→ **TASK REQUIREMENTS**: Leave the images behind and copy every record exactly.

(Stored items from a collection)
━━━━━━━━━━
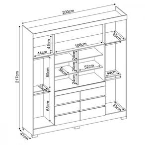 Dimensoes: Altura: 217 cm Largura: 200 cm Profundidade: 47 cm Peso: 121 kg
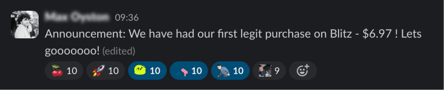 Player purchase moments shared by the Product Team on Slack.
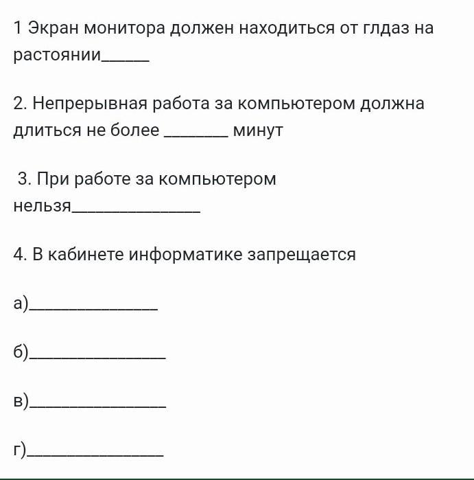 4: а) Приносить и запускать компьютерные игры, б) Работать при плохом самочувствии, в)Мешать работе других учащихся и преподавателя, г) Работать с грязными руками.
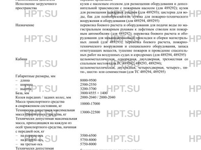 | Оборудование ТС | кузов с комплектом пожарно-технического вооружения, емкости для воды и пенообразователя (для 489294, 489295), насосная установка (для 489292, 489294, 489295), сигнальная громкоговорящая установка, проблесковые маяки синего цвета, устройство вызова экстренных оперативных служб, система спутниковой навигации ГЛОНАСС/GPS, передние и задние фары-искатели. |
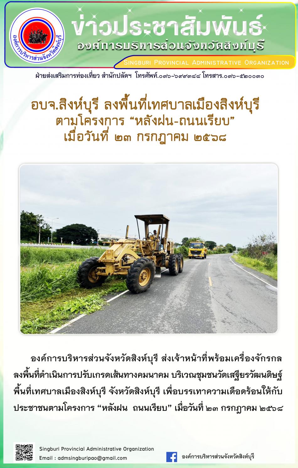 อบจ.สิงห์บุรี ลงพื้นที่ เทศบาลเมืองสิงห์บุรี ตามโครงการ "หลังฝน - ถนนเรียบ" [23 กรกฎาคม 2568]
━━━━━━━━━━
→ **ANSWER BOX**:
 Dimensoes: Altura: 217 cm Largura: 200 cm Profundidade: 47 cm Peso: 121 kg
 Player purchase moments shared by the Product Team on Slack.
 4: а) Приносить и запускать компьютерные игры, б) Работать при плохом самочувствии, в)Мешать работе других учащихся и преподавателя, г) Работать с грязными руками.
 | Оборудование ТС | кузов с комплектом пожарно-технического вооружения, емкости для воды и пенообразователя (для 489294, 489295), насосная установка (для 489292, 489294, 489295), сигнальная громкоговорящая установка, проблесковые маяки синего цвета, устройство вызова экстренных оперативных служб, система спутниковой навигации ГЛОНАСС/GPS, передние и задние фары-искатели. |
 อบจ.สิงห์บุรี ลงพื้นที่ เทศบาลเมืองสิงห์บุรี ตามโครงการ "หลังฝน - ถนนเรียบ" [23 กรกฎาคม 2568]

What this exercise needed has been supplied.